Maybe I thought once Ethan and I were officially engaged, things would be different somehow. Now that Ethan and I were split, it seemed like such a silly thing to put my relationship with my own mother on hold for. And worse, there was no going back. I had no shot at redemption, no way to make up for wasted time on either front.
I could feel hot tears starting to rise, but I fought them off and held myself together as Mr. Jenkins continued while sliding another folder across his desk.
“I recommend taking a weekend to go out there and assess the property. As for our time here today, this is everything you’ll need to sign. I’ll go through it all with you. Once we’re finished, everything will be in your name, and you’re free to go.”

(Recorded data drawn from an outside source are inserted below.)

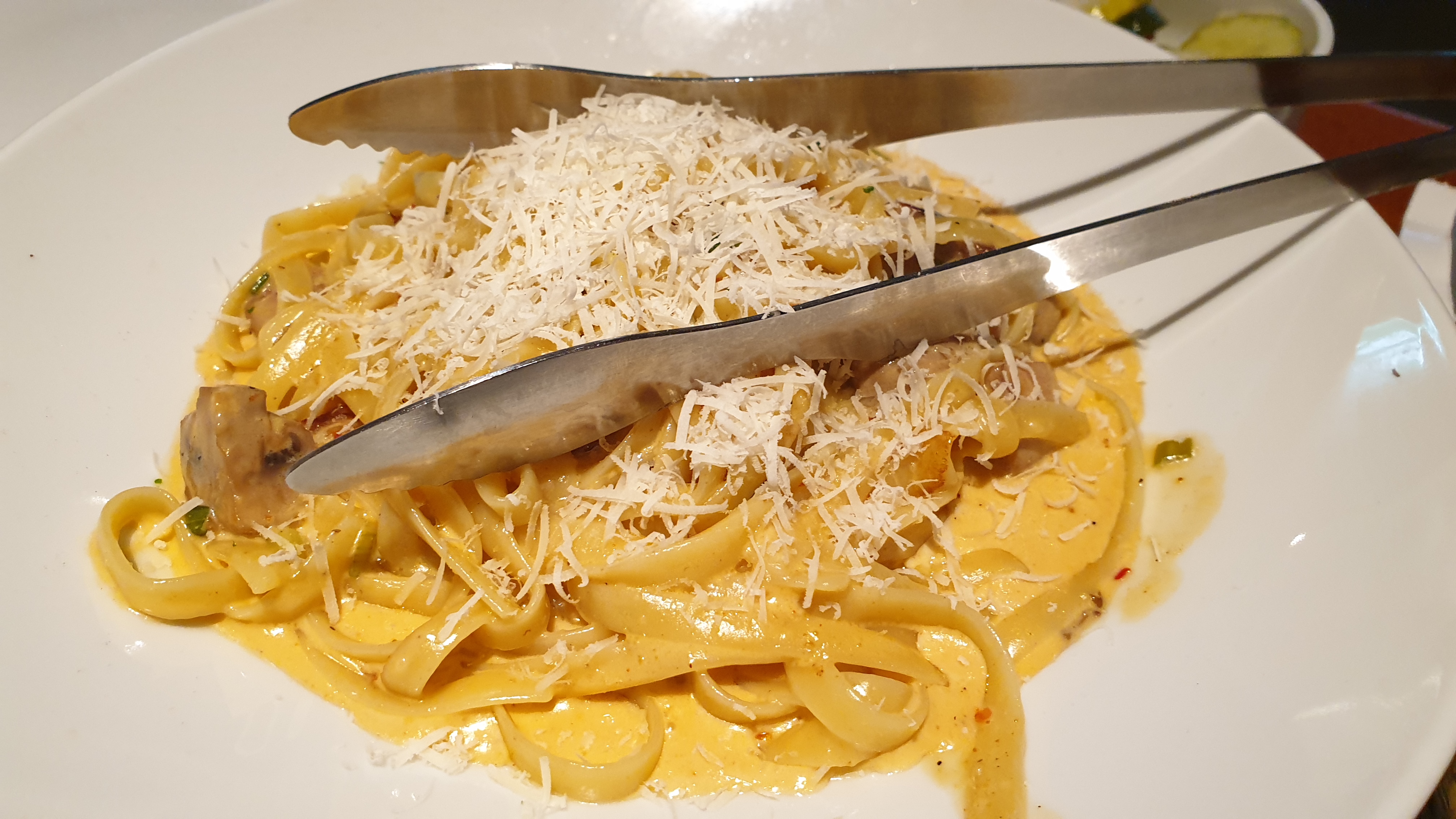 아웃백의 시그니처라고 할 수 있는 투움바파스타입니다. 서버분이 직접 치즈를 갈아주셨어요. 맛있게 잘 먹었습니다.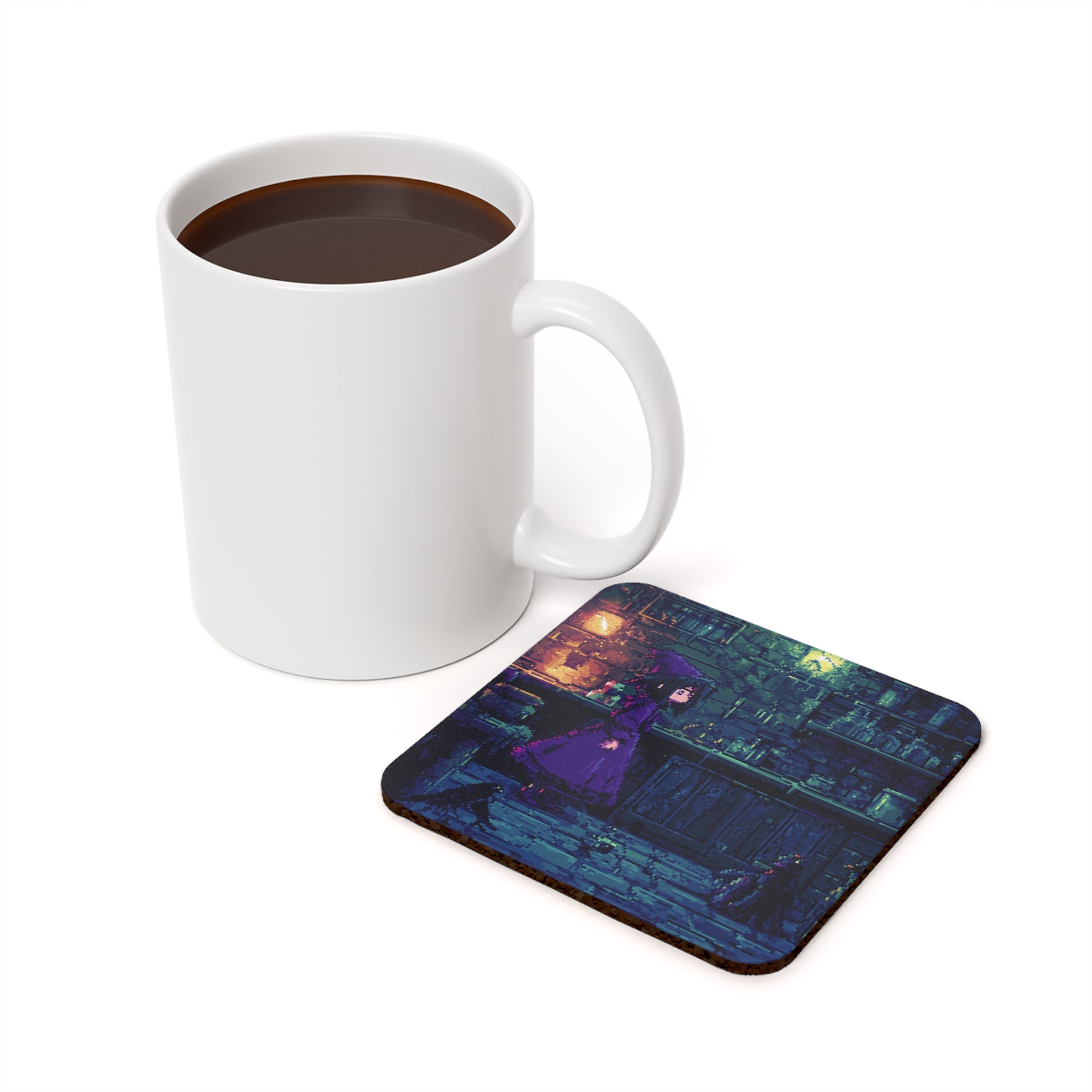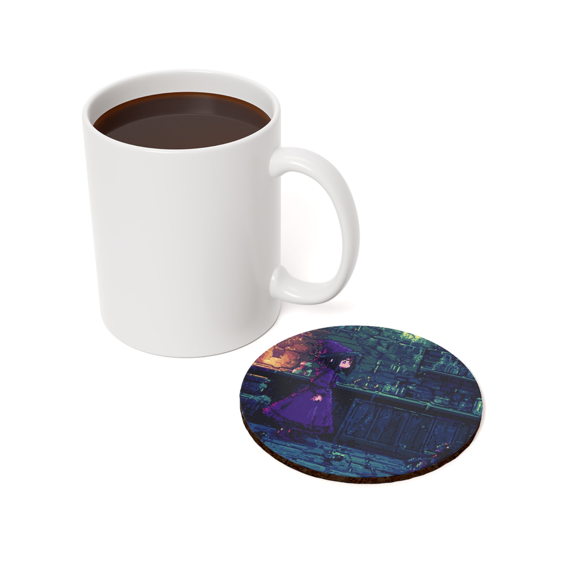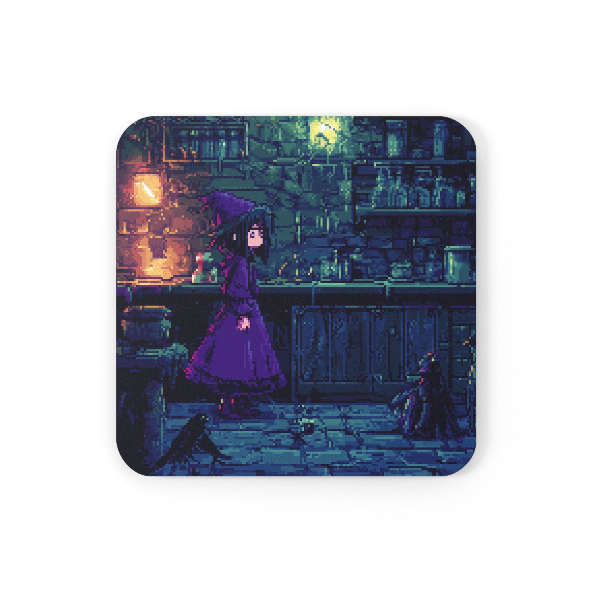 Bring a dash of spooky-cute magic to your space with our "Witch’s Lair" Cork Back Coaster! This enchanting coaster shows a kawaii witch standing in her cozy home, surrounded by mysterious crows and potions, all in dark, moody tones. Perfect for those who love a bit of spooky charm with their kawaii vibes.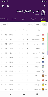 - ترتيب الدوريات: يقدم التطبيق للمستخدمين ترتيب الدوريات والبطولات الكبرى، في الوقت الفعلي.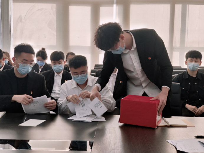 学生支部委员会换届成功后,五名成员第一时间召开了支委会来选举学生支部书记和副书记,最终通过无记名投票方式选举出支部书记由王素君同志担任、支部副书记由宋楠楠同志担任。
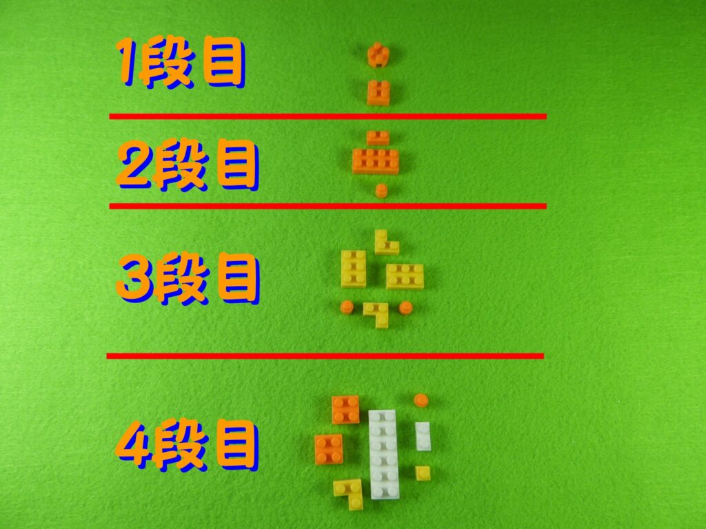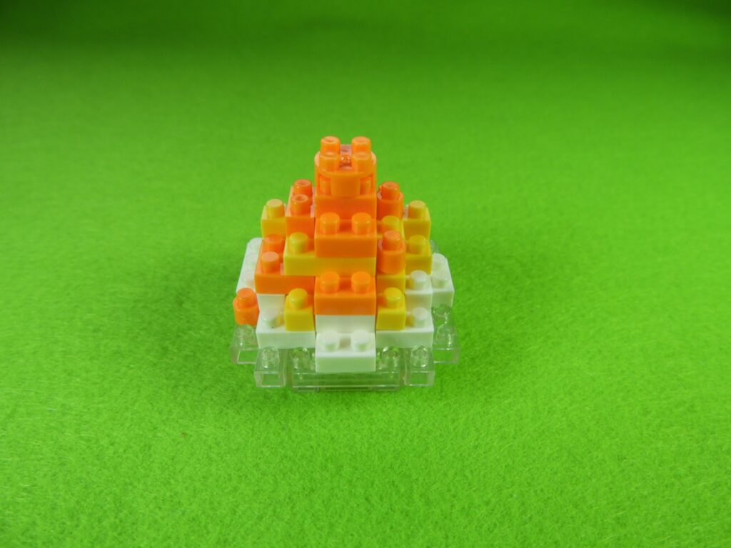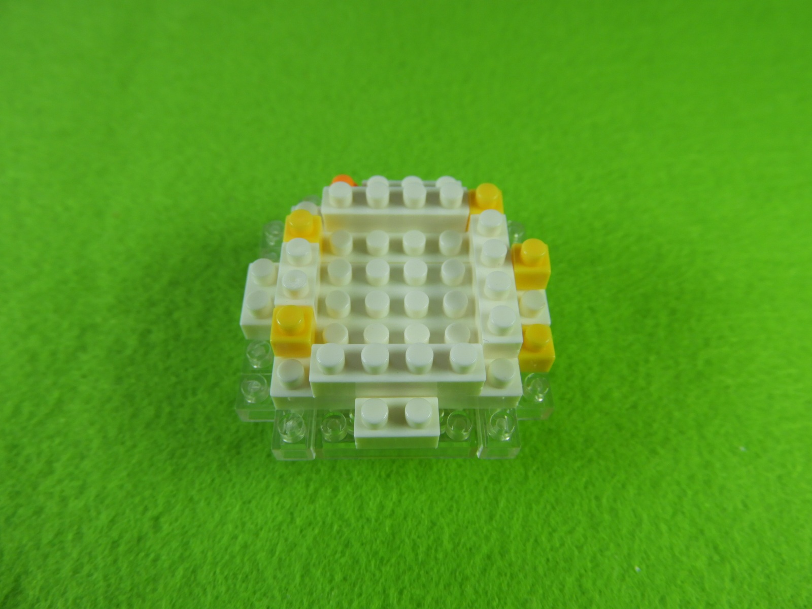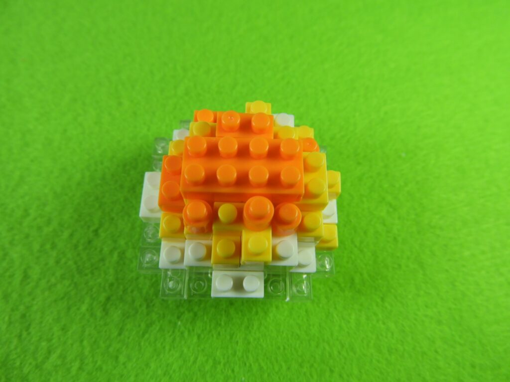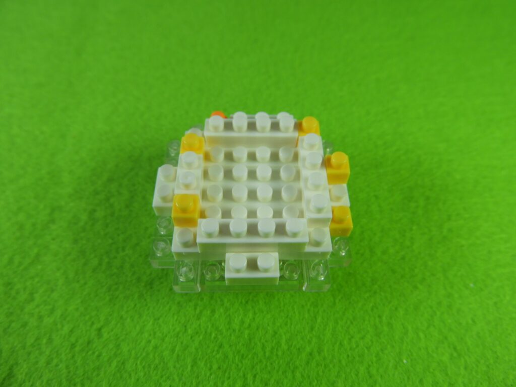 4,最後に、1段目のオレンジブロック2個をのせると工程3番は完成です。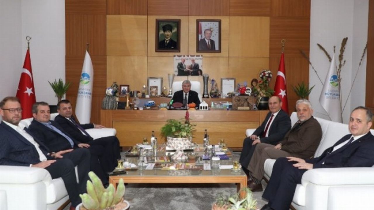 Sakarya Büyükşehir Belediye Başkanı Ekrem Yüce, Sakarya Ticaret Borsası Başkanı Mustafa Genç, Meclis Başkanı Bekir Uztürk ve beraberindeki yönetim kurulu üyelerini konuk etti.SAKARYA (İGFA) - Ticaret Borsası Başkanı Genç, Meclis Başkanı Uztürk ve beraberindeki heyeti konuk eden Sakarya Belediye Başkan Ekrem Yüce, “Ticaret Borsası tarımda konusunda en önemli paydaşlarımızdan birisi. Buluşmalarımızda da ana gündemimiz tarım. İnşallah birlikte güzel çalışmalara imza atacak, Sakarya’nın tarım geleceğine yön vermeye devam edeceğiz” dedi.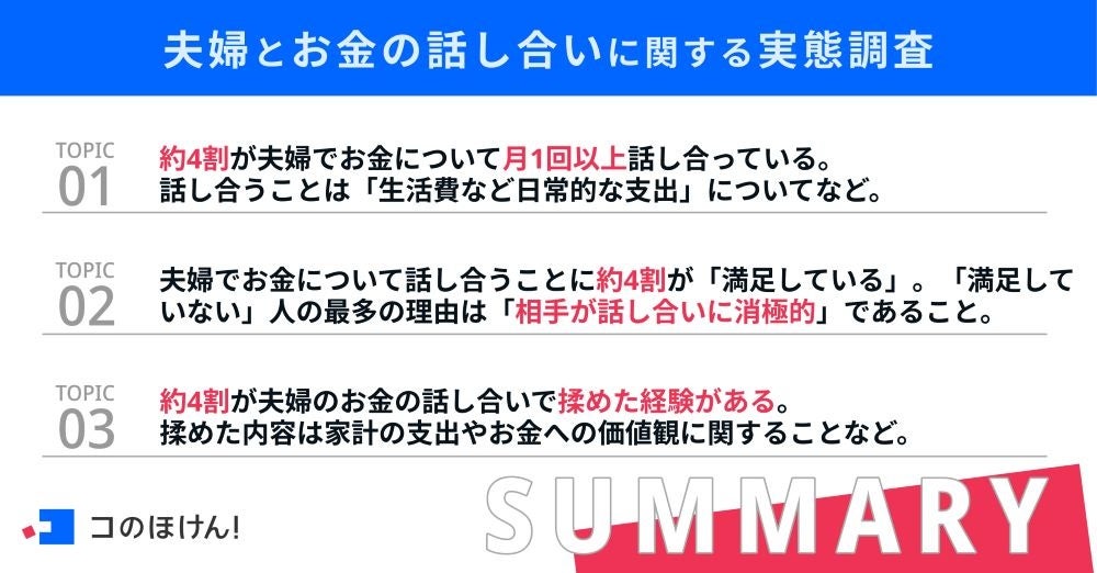 Sasuke Financial Lab株式会社(本社:東京都千代田区、代表取締役:松井 清隆、以下「当社」)が運営する保険の一括比較・見積もりサイト「コのほけん!(https://konohoken.com/)」は、全国の20歳~59歳の既婚の男女360名を対象に、2024年11月12日~13日の2日間においてインターネットリサーチによる「夫婦とお金の話し合いに関する実態調査」を実施しました。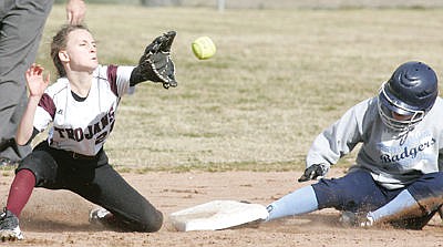 Kaylee Tunison covering second base during first game of a doubleheader vs. Bonners Ferry Friday. Lady Trojans fall to Lady Badgers 0-18 and 2-12.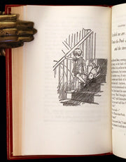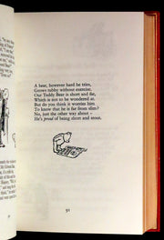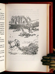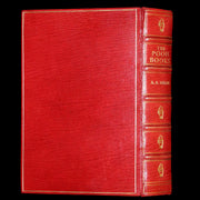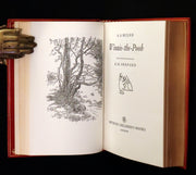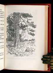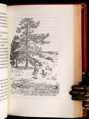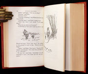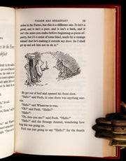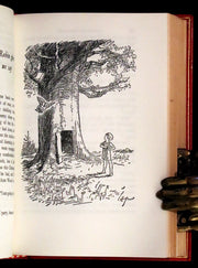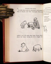 Binding: Attractive and fine binding, finely bound in red full morocco leather by Bayntun (Riviere), spine with raised bands, gilt lettered panel, the gilt device of Winnie-the-Pooh to the others and a beautiful gilt vignette of Pooh, Eeyore and Christopher Robin to the front board (hinges fine) under a protective removable mylar cover. All edges gilt. An exquisite binding for this Omnibus edition!

He towered behind my chair as we went through every page and paragraph. He would rattle off an explanation about this line or that, then point to where I had to sign. I was certain I needed to be paying more attention, or listening to every detail so I didn’t scribble my name down in agreement to sell my soul or to bury myself in some kind of horrible deal that would drain my bank accounts somehow.
But I was too close to breaking down, and at that moment, I could not keep my tears at bay and also pay attention. I could only do one or the other, so the pride and stubbornness I got from my mother won over and kept me focused on the not crying part.